Starting from the top of the entries below and ending with the line containing "Duopower Taco Ø 5 X 25mm X Unidad", restate every line word for word, pictures omitted.

── RECORD EXTRACTS

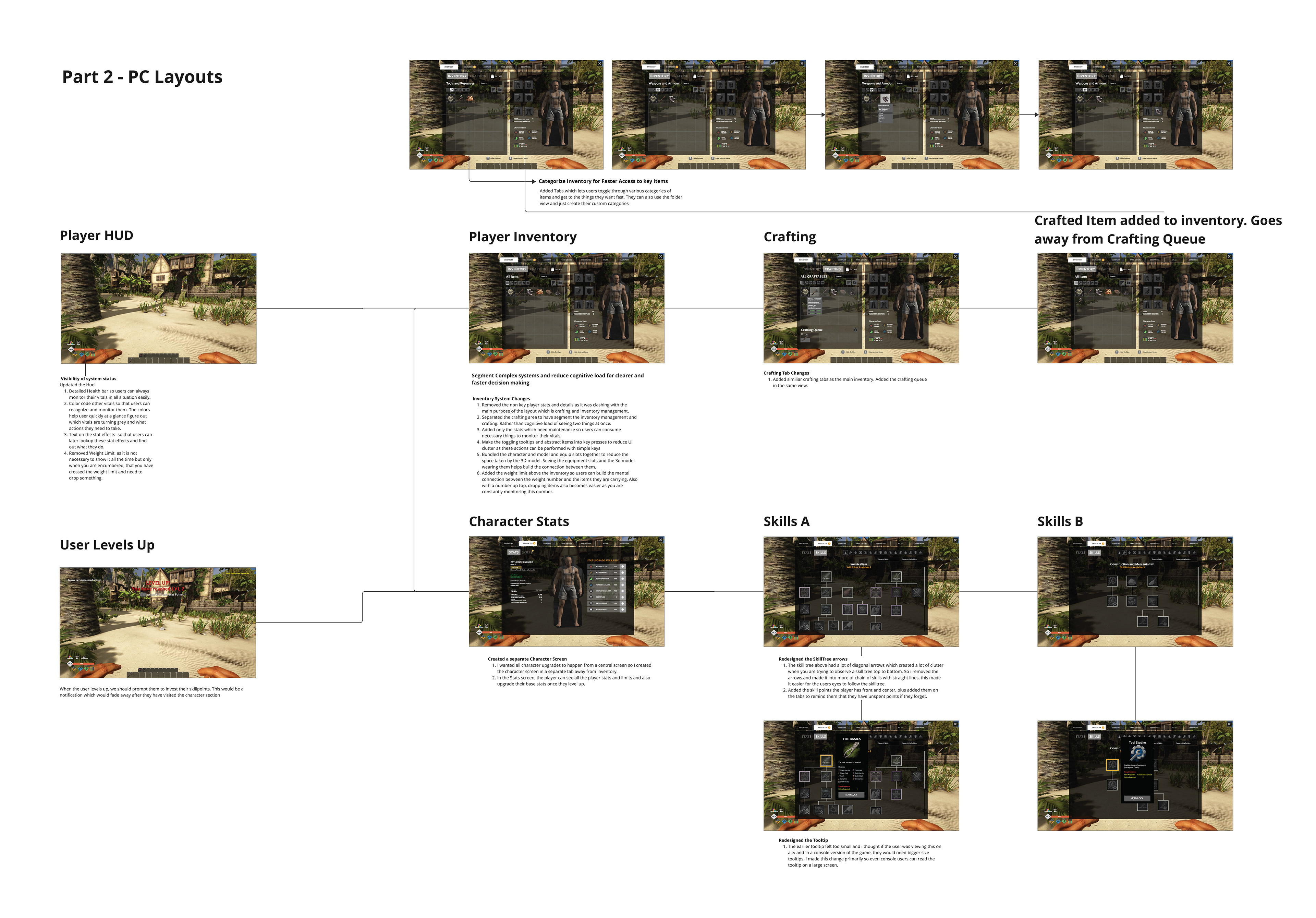 I analyzed Studio Wildcard's prototype HUD and Inventory screens using Usability Heuristics, identifying key user pain points.
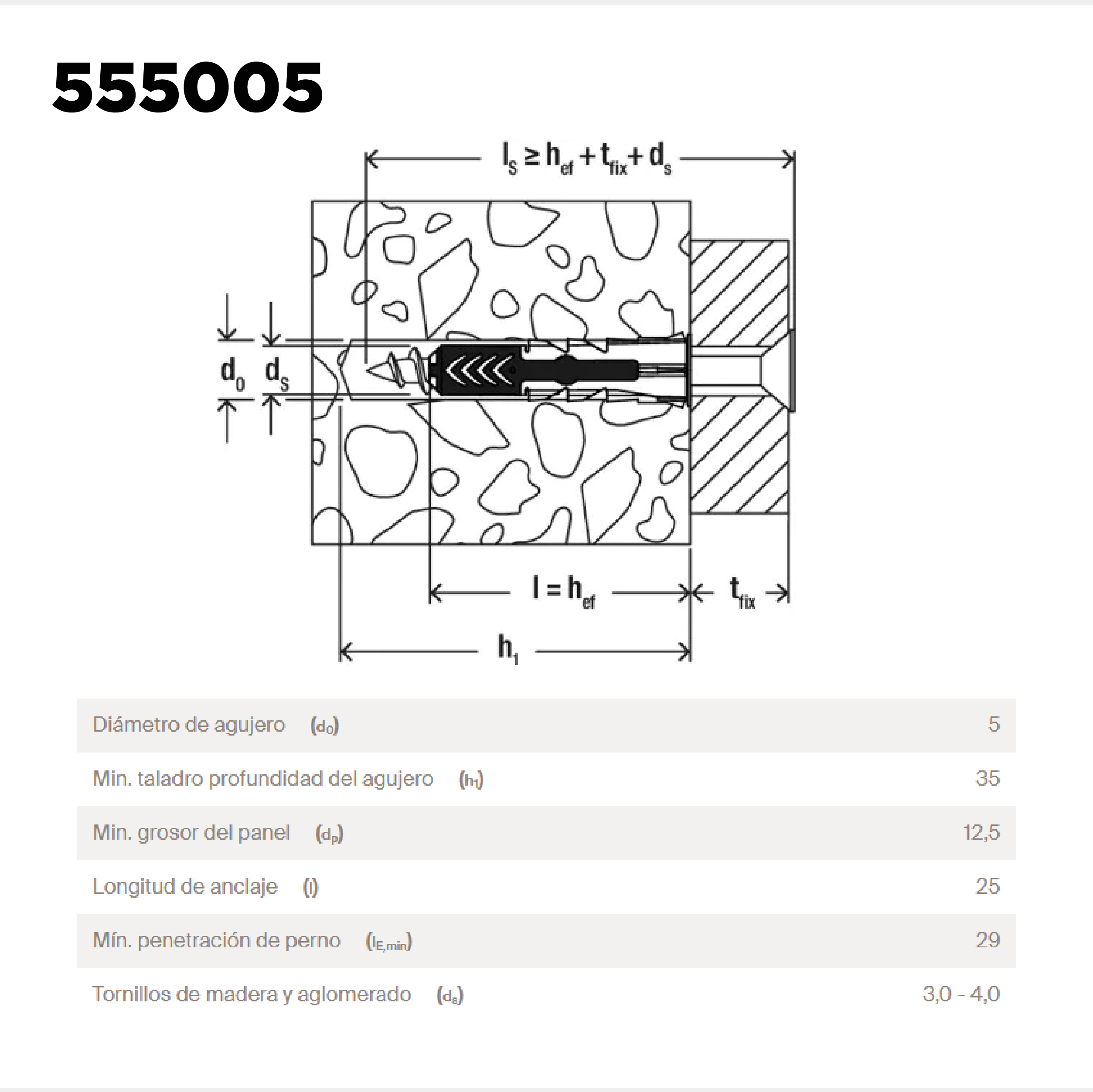 Duopower Taco Ø 5 X 25mm X Unidad
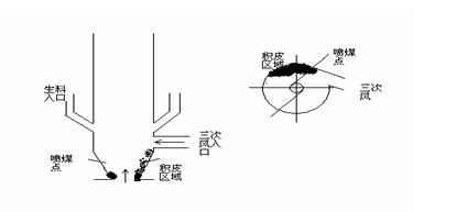 表1 煤的工業(yè)分析 分解爐錐部、縮口、三次風(fēng)進(jìn)風(fēng)口結(jié)料嚴(yán)重(見圖1),分解爐出口負(fù)壓從正常時的-1000Pa升至-1500Pa,嚴(yán)重影響了窯內(nèi)通風(fēng)。 (2)系統(tǒng)漏風(fēng)嚴(yán)重。其中包括窯尾密封圈漏風(fēng)、煙室清料口變形漏風(fēng)、分解爐與煙室連接處膨脹節(jié)漏風(fēng)等,相對減小了窯內(nèi)通風(fēng)量,漏風(fēng)處也容易形成結(jié)皮。 3采取的措施和效果 ------------------------------------------------------------------------------------------------
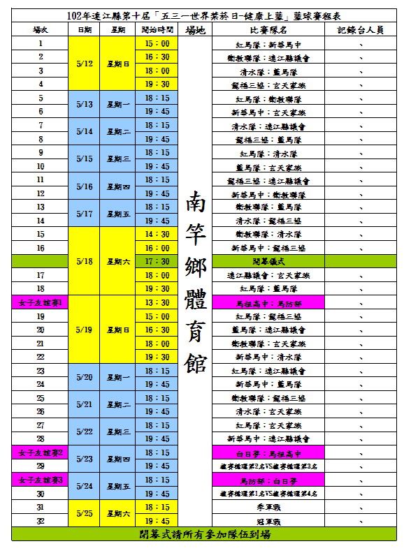 附加Excel文件表: matsu-3ecc885a18c5592a74ae327bf7c64676.xls102健康上籃賽程時間表
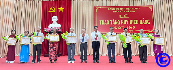 Đảng bộ thành phố Mỹ Tho tổ chức Lễ trao tặng Huy hiệu Đảng đợt 19/5/2025
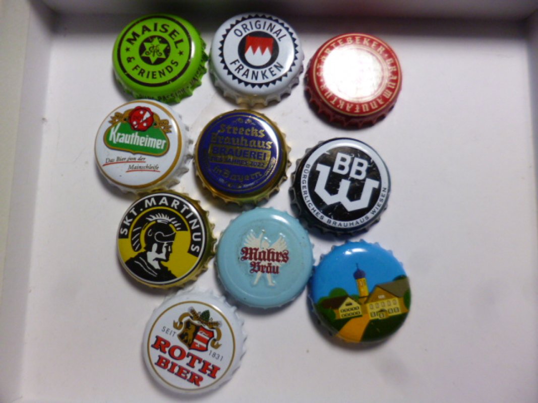 10 Stück, überwiegend aus Unterfranken bzw. Bayern, Gebrauchsspuren möglich, jedoch ohne typischen "Knick", da mit besonderem Flaschenöffner abgenommen.
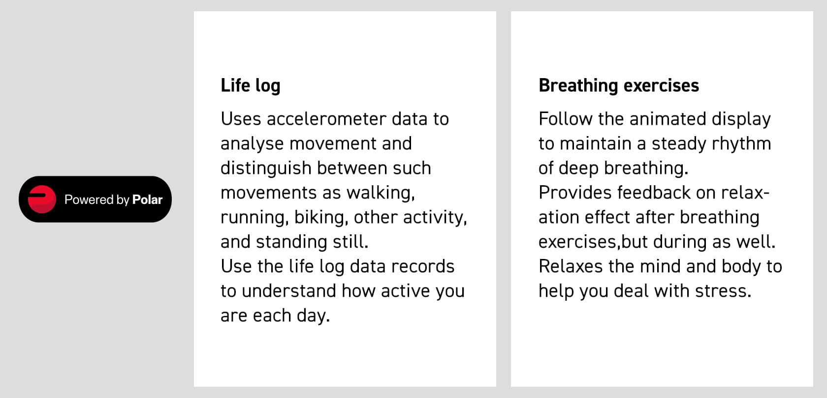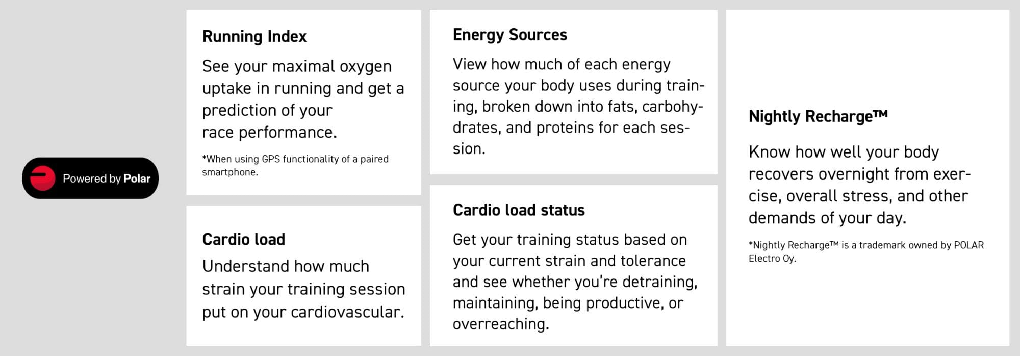 Saat tarafından toplanan vücut verileri temel alınarak, mevcut performansınız ve durumunuz anlaşılması kolay bir biçimde görüntülenir. Veri analizleri için, Polar'ın sınıfının en iyisi algoritmaları ve rehberlik teknolojisi ile desteklenen bir antrenman ve kurtarma özellikleri setini kullanıyoruz. Vücudunuzun durumuna göre uyarlanmış araçları kullanarak, antrenman çalışmalarınızı hassas şekilde ayarlayabilir ve performansınızı en üst düzeyde tutabilirsiniz. İster koşu ister bisiklet sürme ister yüzme olsun; bu saatler sevdiğiniz her spor için tam donanımlı temel ekipmanlardır.
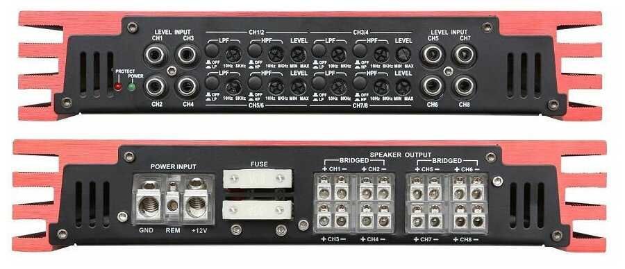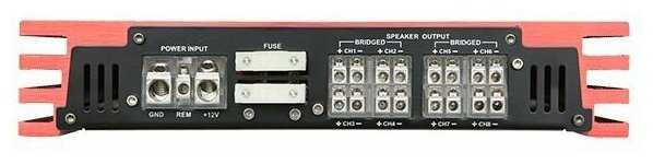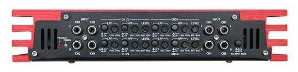 Этот усилитель хорош для фронта, 4 канала используем мостами на мидбасы, а оставшиеся 4 для середины и верха.

────

EXERCISE ANSWER
 I analyzed Studio Wildcard's prototype HUD and Inventory screens using Usability Heuristics, identifying key user pain points.
 Duopower Taco Ø 5 X 25mm X Unidad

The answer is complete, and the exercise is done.